Engagement Format Starting Price Primary Output
Expansion Session 90-minute session $1,500 Perspective and identity clarity assessment
Clarity Diagnostic 90-minute session $2,500 One-page structural assessment
Architecture Intensive 2–3 day working engagement $25,000 Architectural blueprint + 90-day execution path
ClarityOS Deployment 2–3 week embedded engagement $100,000 ClarityOS Governance Document
Governance Advisory Monthly retainer $5,000/mo Quarterly review + governance updates
Prices listed are starting investments. Final fees are confirmed in the SOW prior to engagement commencement. The Clarity Diagnostic fee applies toward the Architecture Intensive if the Client moves forward within 30 days of diagnostic delivery.
03

Scope of Work

Engagement Definition

The scope of each engagement is defined in a mutually executed SOW. Work performed outside the defined scope requires a written amendment signed by both parties. The Provider reserves the right to decline scope expansions that are inconsistent with the engagement format or methodology.

Nature of Services

Structural engagements are strategic architecture services, not advisory consulting, legal counsel, financial advice, accounting services, or psychological services.
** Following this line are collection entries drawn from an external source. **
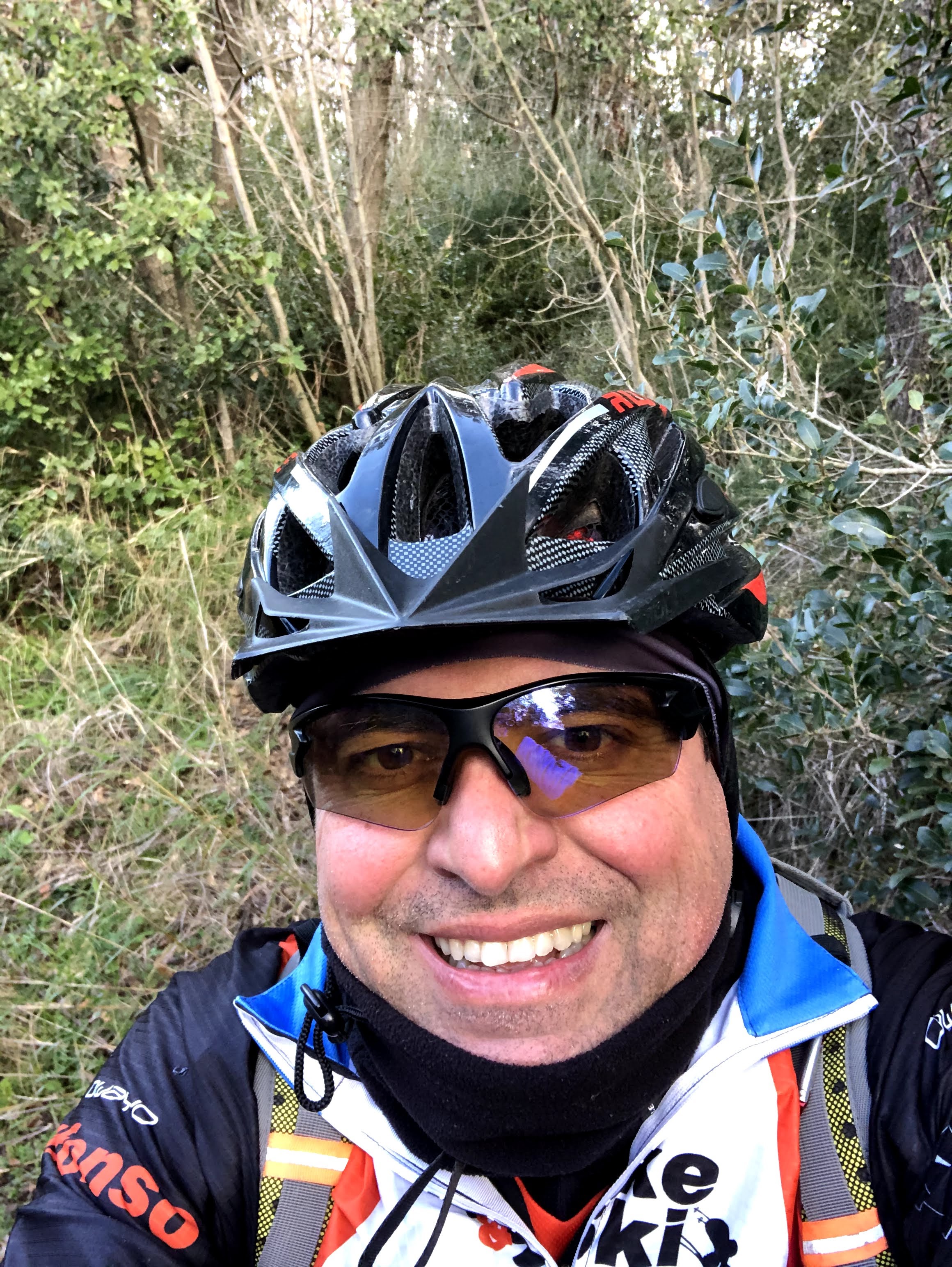 A metà del primo tratto giungiamo sull'asfalto e subito Raimondo, basandosi sulle suo ottimo e oramai famoso senso dell'orientamento indica la direzione da prendere. Alfonso, ma come questa volta un po' esitante, lo lascia fare. Ma dopo pochi metri capisce che siamo nella direzione sbagliata: riprese le redini del gruppo, dopo aver incrociato i dati del suo Garmin con la App di Mario (unico oltre Alfonso che sistematicamente scarica la traccia da seguire), identifica il sentiero corretto. Riprendiamo quindi la strada che dopo altri 2 km di sterrato ci porta su un tratto di asfalto in salita.
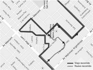 El nuevo recorrido prevé comenzar en el barrio 300 viviendas por Isaías hasta Ushuaia (siete cuadras al Oeste de la avenida Malvinas), seguir por Misionero Klein (calle 5) y luego por La Paz hasta avenida Belgrano, donde retomará la ruta habitual.
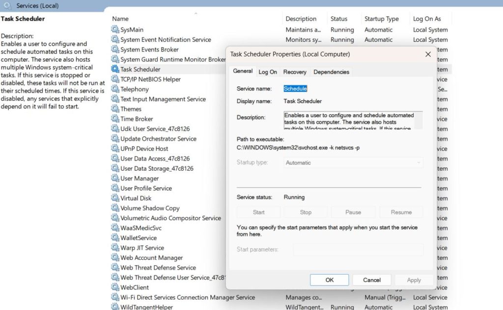 ステップ3:[サービス]ウィンドウで、「」を探します。タスクスケジューラ" サービス。
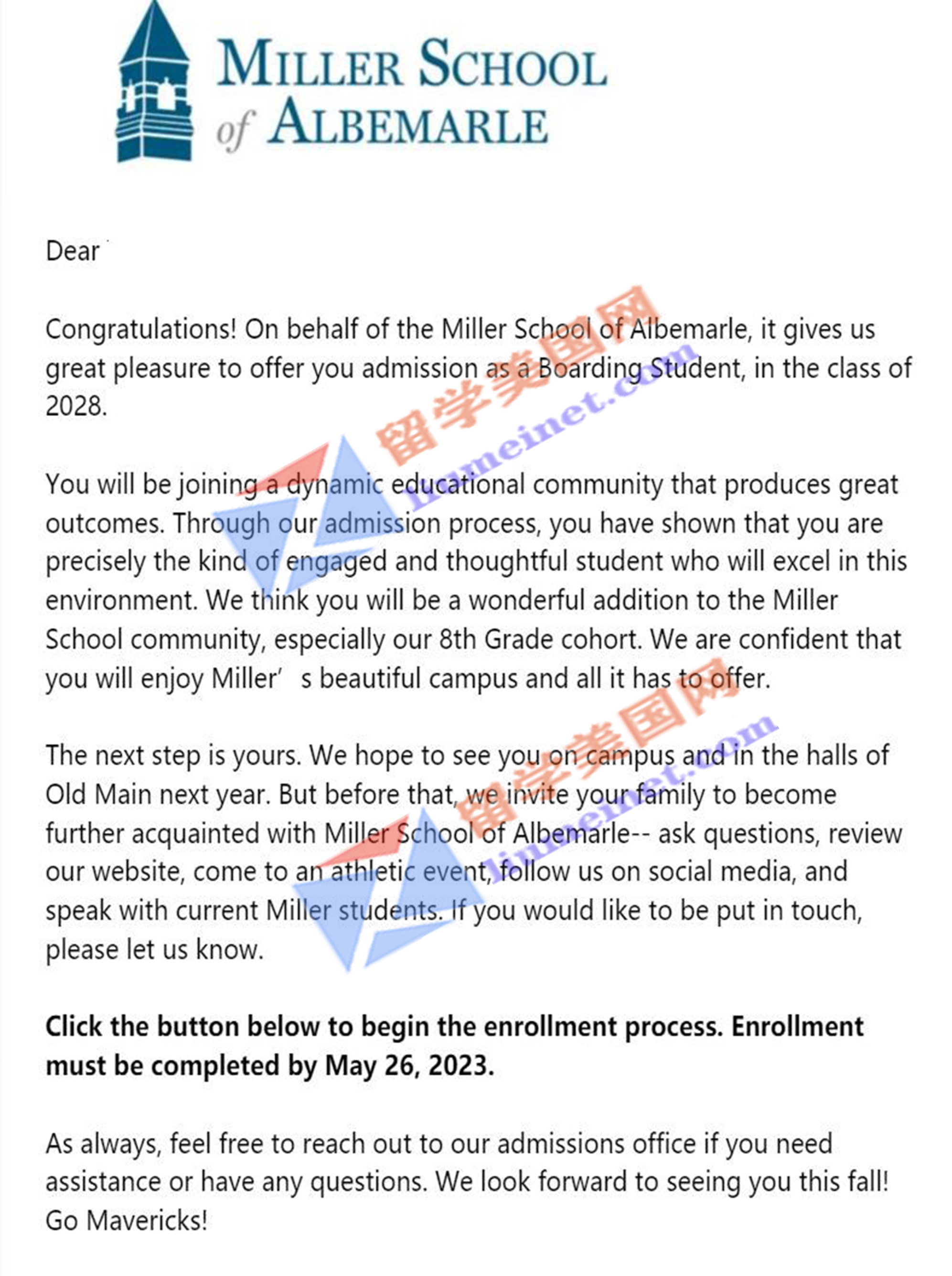 录取喜报!恭喜留美网L同学斩获米勒中学Miller School of Albemarle的录取offer~
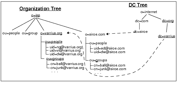 In the domain node entries dc=siroe,dc=com,o=internet and dc=varrius,dc=org,o=internet we added the attribute value pair inetDomainBaseDN: o=siroe.com,o=isp and inetDomainBaseDN: o=varrius.org,o=isp.
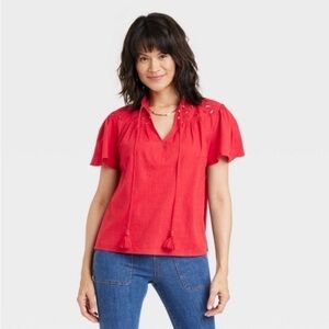 Women's Short Sleeve V-Neck Woven Eyelet Top - Knox Rose Red
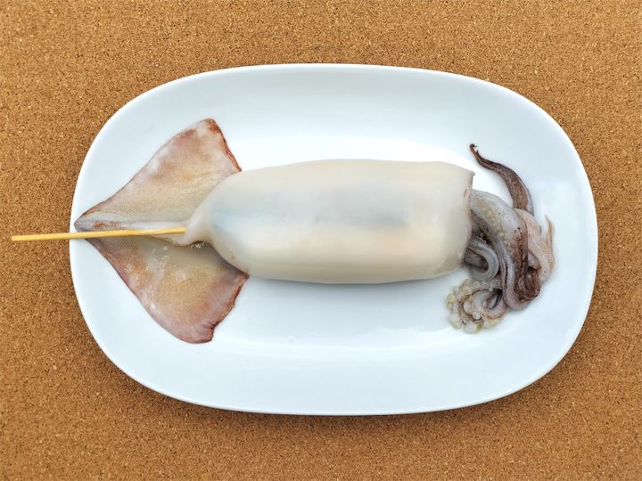 2. イカの中にきゅうりと山いもを縦に詰め、ゲソでフタをするように頭からゲソまでを串で刺します。
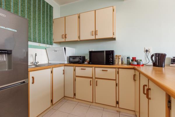 The kitchen is spacious with ample cupboard space, very neat cupboards, the kitchen is open to the lounge dining room.
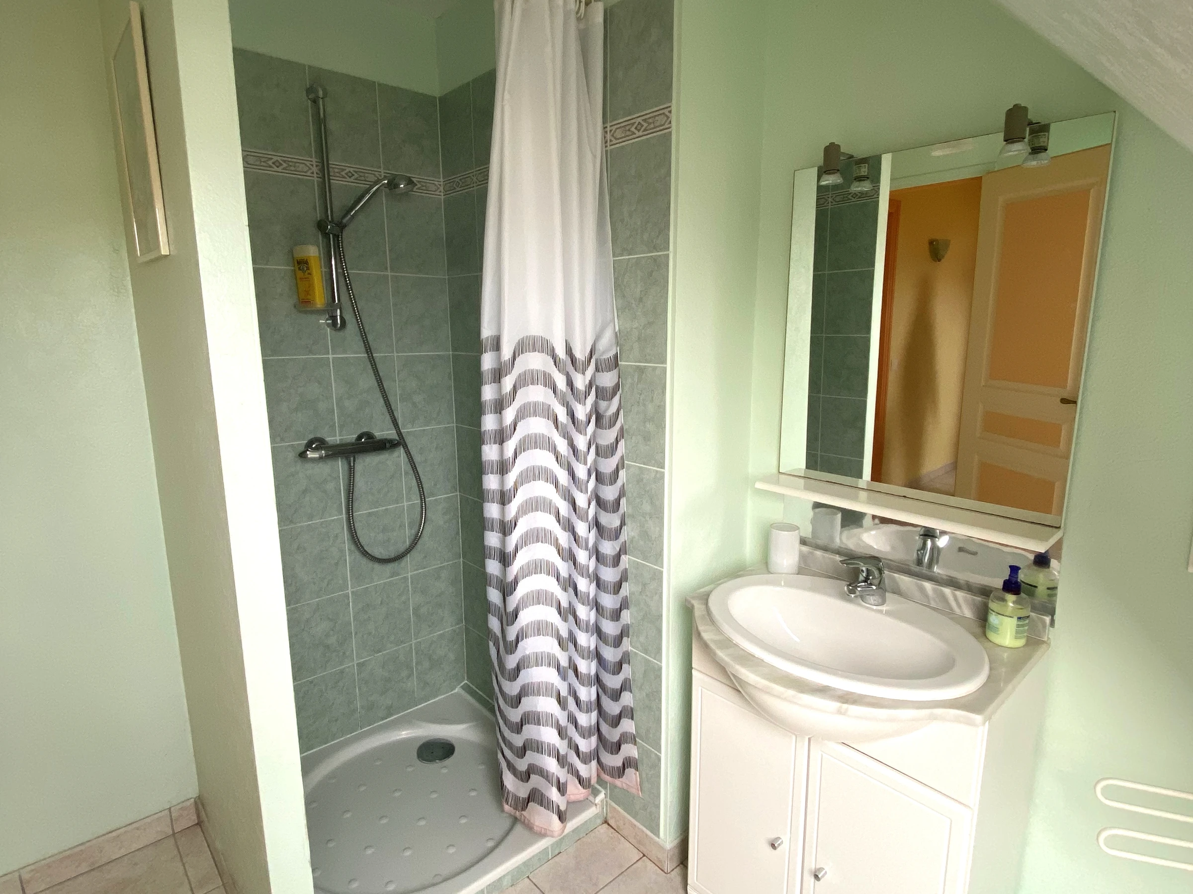 Coin salon: TV avec orange, internet, téléphone hifi. Livres et jeux. Douche, wc séparés.
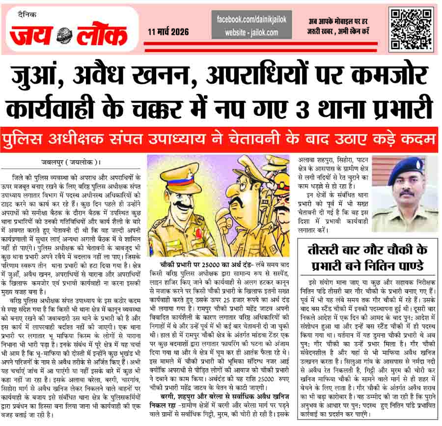 जबलपुर (जयलोक)। शहर की चरमरा रही यातायात व्यवस्था और जगह-जगह हुए अतिक्रमण बहुत विकराल समस्या का स्वरूप ले चुके हैं। विगत दिवस कैबिनेट मंत्री राकेश सिंह ने सर्किट हाउस में महापौर विधायकों और जिले के वरिष्ठ प्रशासनिक अधिकारियों की इस विषय पर एक बैठक ली थी। बैठक में उपस्थित सभी जनप्रतिनिधियों ने अपने स्तर पर समस्याओं के निराकरण और मुख्य समस्याओं के बारे में जानकारी उपलब्ध कराई थी। इसके बाद अब जिला प्रशासन, पुलिस प्रशासन और नगर निगम प्रशासन पूरी तरीके से एक्शन मोड में नजर आ रहा है। कलेक्टर दीपक सक्सेना ने स्पष्ट कहा है कि इस सप्ताह से अतिक्रमण के खिलाफ सख्ती से कार्यवाही की जाएगी। पुलिस अधीक्षक संपत उपाध्याय ने कहा कि अभी अलग-अलग टीम में अलग-अलग स्थान पर स्थान का निरीक्षण कर चयन कर रही हैं और यह देखा जा रहा है कि किस स्थान पर किस प्रकार की कार्यवाही की आवश्यकता है। जल्द ही शहर की सडक़ों को अतिक्रमण और यातायात के अवरोधों से मुक्त किया जाएगा।

The Expansion Session is perspective and identity work for operators and founders — not therapy, life coaching, or clinical treatment. Deliverables are structural recommendations, governance frameworks, or written clarity assessments as defined in the SOW. Implementation is the sole responsibility of the Client. The Provider does not guarantee specific financial outcomes, revenue increases, or operational results.

Client Responsibilities

The Client agrees to: provide timely access to relevant personnel, documents, and information required for the engagement; designate a primary point of contact with authority to make decisions; complete all pre-engagement intake materials prior to the start date; and implement or decline recommendations at their sole discretion.

Engagement Scheduling

Engagement dates are confirmed in the SOW following receipt of the deposit payment. The Provider schedules engagements on a limited quarterly basis. The Provider reserves the right to reschedule an engagement with a minimum of 10 business days' notice to the Client.

04

Payment Terms

Deposit & Payment Schedule
  1. Expansion Session: Payment in full is required prior to scheduling the session.
  2. Clarity Diagnostic: Payment in full is required prior to scheduling the session.
  3. Architecture Intensive: 50% deposit required to confirm the engagement date. Remaining 50% due on or before the first day of the engagement.
  4. ClarityOS Deployment: 50% deposit required to confirm the engagement date. 25% due at the midpoint of the engagement. Final 25% due upon delivery of the ClarityOS Governance Document.
  5. Governance Advisory: Billed monthly in advance. First month's payment due prior to retainer commencement.
Accepted Payment Methods

Payment is accepted via secure online checkout (for Expansion Session and Clarity Diagnostic), ACH bank transfer, wire transfer, or check made payable to JoshJWGM. Credit card payments are accepted subject to a 3% processing fee. All payments are in US dollars.

Late Payments

Payments not received within 7 days of the due date are subject to a 1.5% monthly late fee. The Provider reserves the right to suspend all work and deliverable delivery until outstanding balances are paid in full. Suspension of work does not relieve the Client of payment obligations.

Non-payment: In the event of non-payment of any amount due under an executed SOW, the Provider reserves the right to pursue collection through all available legal remedies. The Client agrees to pay all reasonable attorneys' fees and collection costs incurred in connection with collection of unpaid amounts.
05

Confidentiality

Mutual Obligation

Both parties agree to hold in strict confidence all Confidential Information received from the other party in connection with an engagement. Neither party shall disclose Confidential Information to any third party without the prior written consent of the disclosing party, except as required by law.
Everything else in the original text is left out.